Sunday, 30 September 2007

A Visit to Meaford Farmers' Market

We were at the Meaford Farmers' Market on the second-last day it is to be held this summer. (October 5th will be the last day.) Which was a pity, because it looked like it was an excellent little market. If I understand correctly - it's a little hard to believe, it looks so polished and well rounded - this was the first year of operation for the Meaford Farmers' Market. It looked like it was a roaring success, and I am sure it will be back next year.

We were there on a rather strange Friday afternoon - the market ran from 3 to 8 pm on Fridays - and we passed our time a bit nervous that the sky would open and pour rain on us at any moment even though we were in brilliant sunshine.
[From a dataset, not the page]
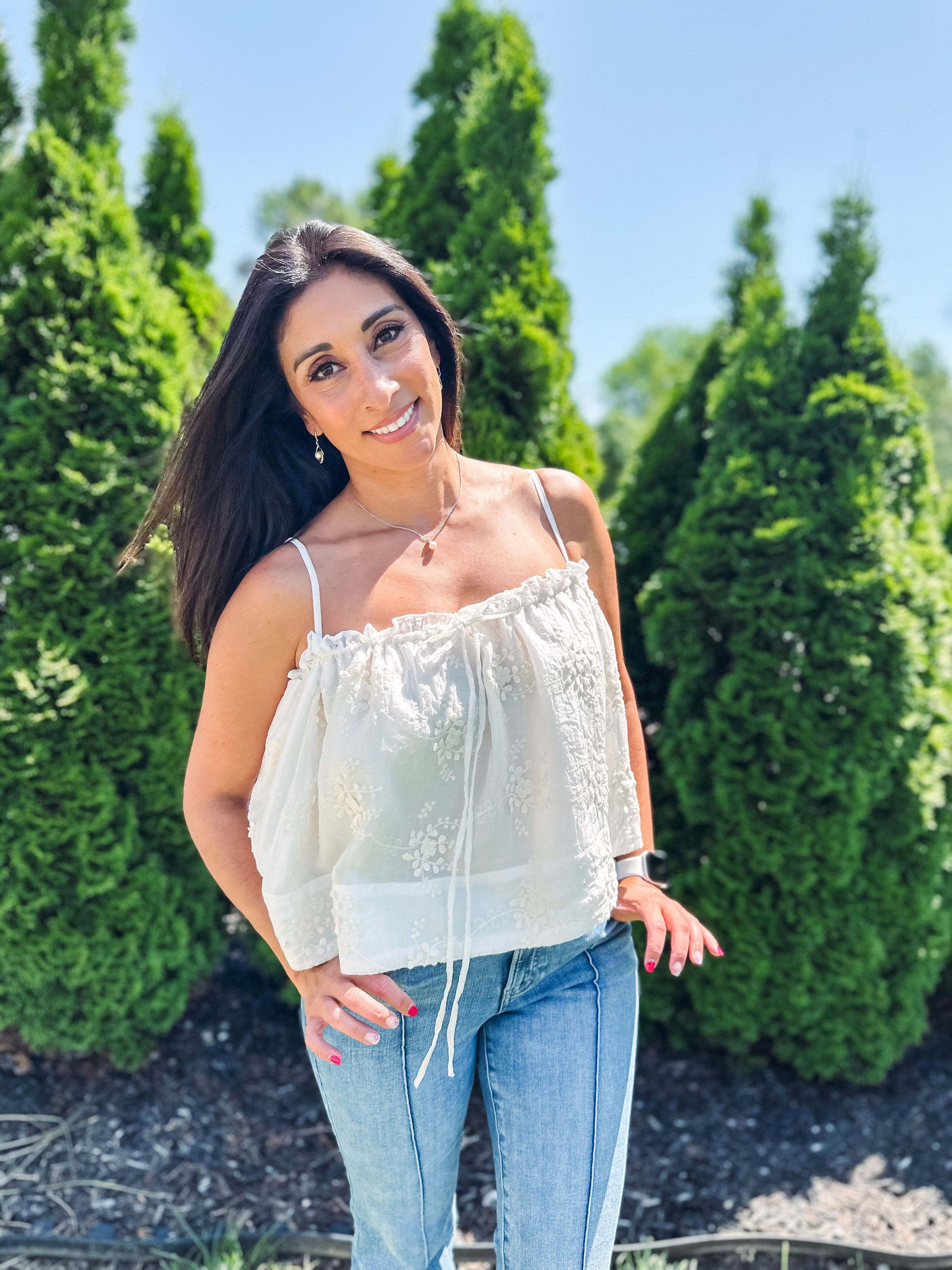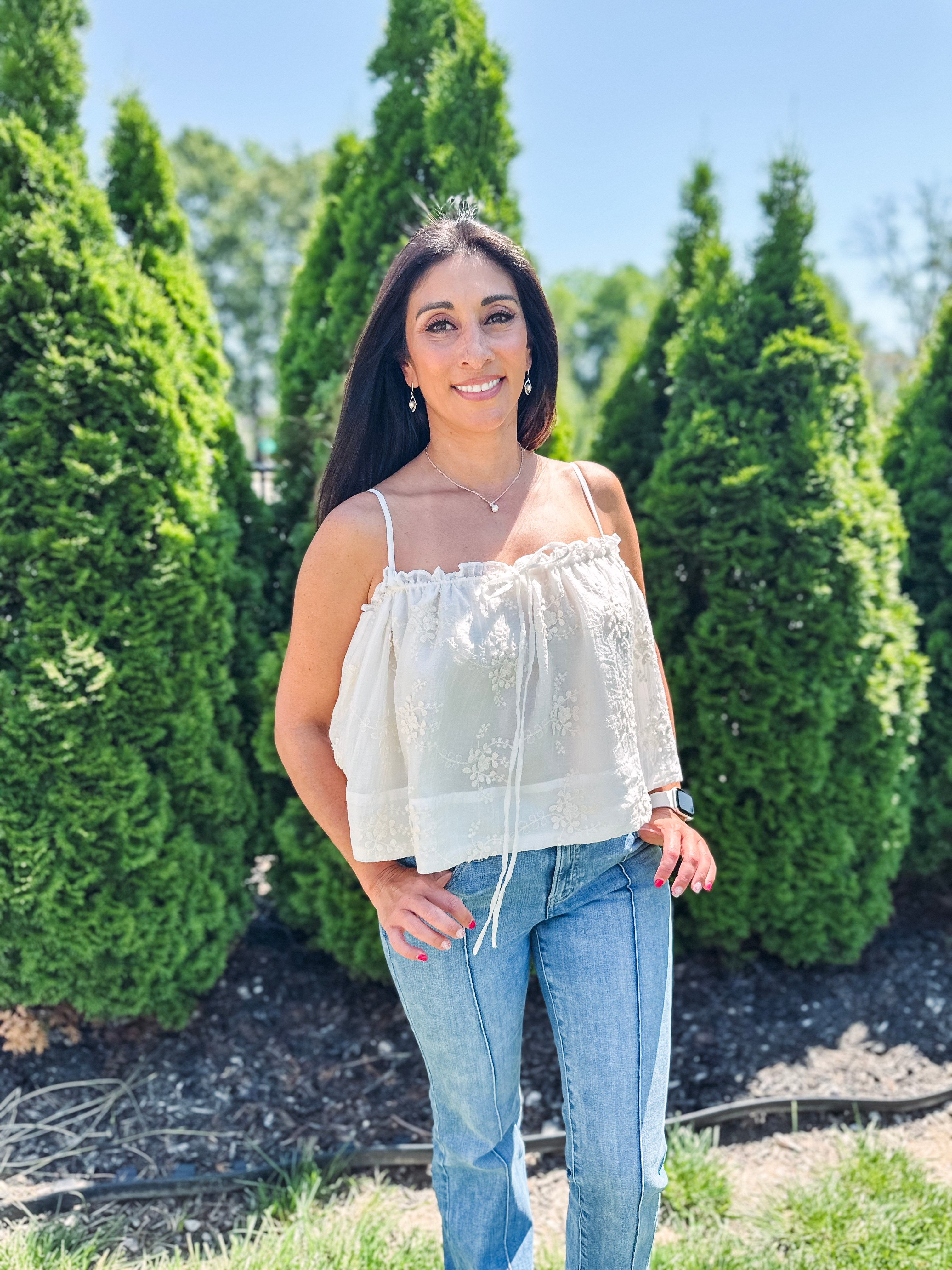 Release your inner girly-girl with our South of France Ruffled Camisole. This top features a playful bubble ruffle detail and flirty strappy camisole straps for a fun and flirty look. Perfect for any occasion, this camisole will have you feeling confident and cute!

It didn't, although the sky remained rather dramatic throughout our visit.

For a brand-new market, Meaford had an impressive and unusual array of vendors, including Stoneyfield Elk Farm. The owners of Stoneyfield will soon be opening a small shop, "The 100 Mile Market", which will sell produce from a number of the vendors at the Meaford Farmers' Market throughout the winter; contact them for more information.
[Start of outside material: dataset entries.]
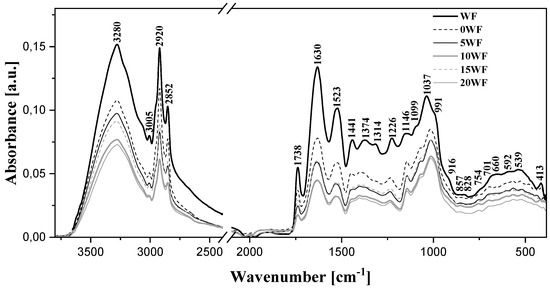 In order to analyze the samples of flour and flour with the addition of WF at the molecular level, FTIR spectroscopy measurements were performed. The processed spectra are presented in Figure 4.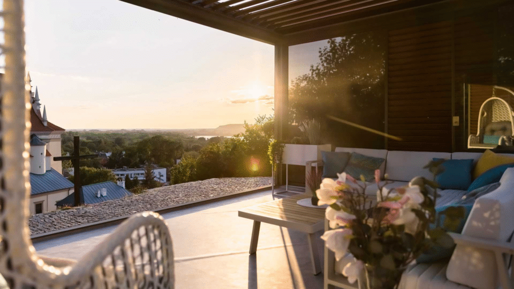 Połączenie dachu lamelowego z dachem szklanym to bardzo funkcjonalne rozwiązanie. Łączy ono zalety otwieranego dachu z aluminium, ze szklanym dachem stałym. Dach szklany to maksymalny dostęp do naturalnego światła, który chroni przed opadami, jednak nie zacienia powierzchni. Pozwala doświetlić tą część tarasu, na której nam zależy. Dach lamelowy zapewnia cyrkulację powietrza i pozwala regulować stopień nasłonecznienia. Lamele w pozycji zamkniętej chronią przed deszczem i w pełni zacieniają taras.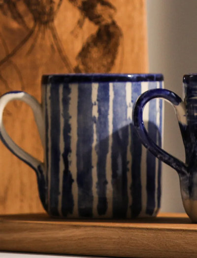 Drik med stil med vores keramiske krus med blå striber. Praktisk og dekorativt – tilføjer farve og karakter til dit krusudvalg.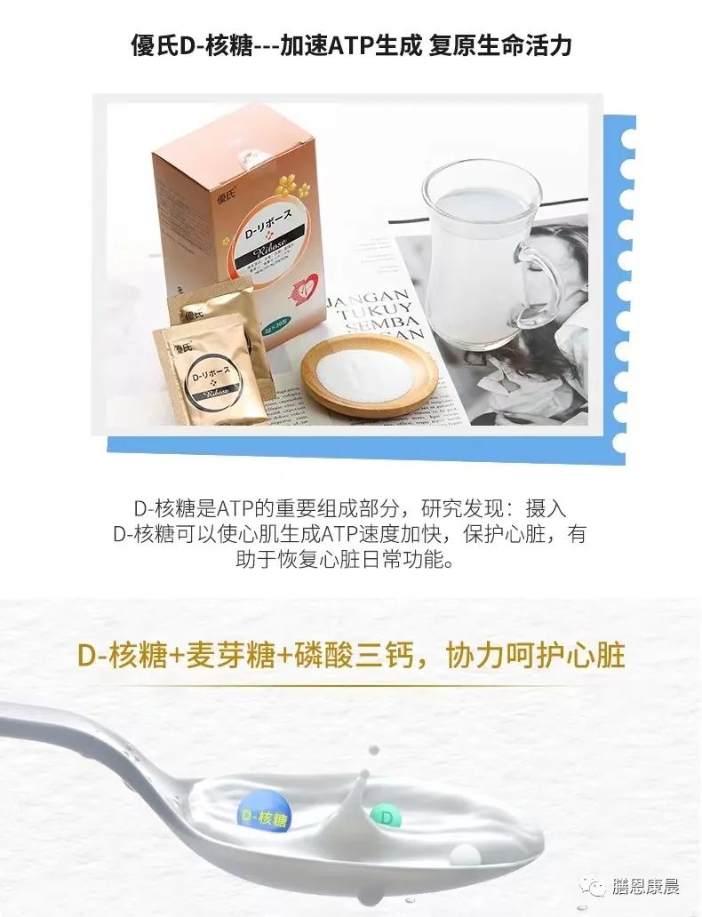 心力衰竭群体的希望 心力衰竭意味着心肌无法泵出足够的血液来满足身体的新陈谢需求。在心力衰竭中,心肌细胞中的 D-核糖产量下降。 3,7 这会导致ATP生成减少 ,从而导致最需要能量的器官的肌肉细胞出现细胞能量不足。 7 口服D-核糖可以帮助产生新的 ATP 分子并恢复 心脏能量水平。 7,8 临床试验表明,口服D-核糖可以改善 心力衰竭患者的心功能。 实际上D核糖真的很不错呀!不单单对冠心病、心衰有明显的效果,对糖尿病患者也有降糖作用。实际上我骨关节酸痛,上楼没有劲,我吃了一个星期以后,最起码肌肉不酸痛了。

I was quite astonished to see a stand selling freshly pressed oils from flax seed, pumpkin seeds, etc. Unfortunately, I did not get a chance to look too closely at this stand, but this is the first time I have seen Ontario artisanal oils available. You can check them out at Oil Mill Farm for more information.

There were several bakers at the market. I can vouch for the brownies and lemon squares sold here... very good!

There were fewer fruit vendors than I would have expected; but many of the orchards in the Beaver Valley have their own fruit stands or even small shops on site. The beaver valley is famous for its' apples, but they have pears and plums as well; and cherries if I had been there earlier in the year.

There is plainly a lot of interest in organic produce around the Meaford area. One organic vendor was Twin Creeks Farm, where I was able to pick up an Early Jersey Wakefield cabbage, to my intense excitement - it's the first time I have seen one.

The other organic farm that I saw was Niagara Escarpment Organics, who in addition to their own produce had a selection of locally grown grains, including puffed cereals. Wow! First time I've seen that, too!

Will the treasures never end? How about some freshly baked bread from Monckton Organic Farms and Bakery, made with their own flours and honey?

Not organic, but well done for snacking on the spot or during an evening in front of the telly, Ella Marie's Kettle Korn provides a bit of entertainment while you wait. Freshly popped corn is dusted with just a little sugar and salt for very compelling munching.

Highway 26 outside of Meaford, as well as other highways in the area are also full of little markets on site at the orchards for which the Beaver Valley is famous; Almonds' is one,

and Goldsmith's is another. Most of them have a range of products besides their own fresh local apples.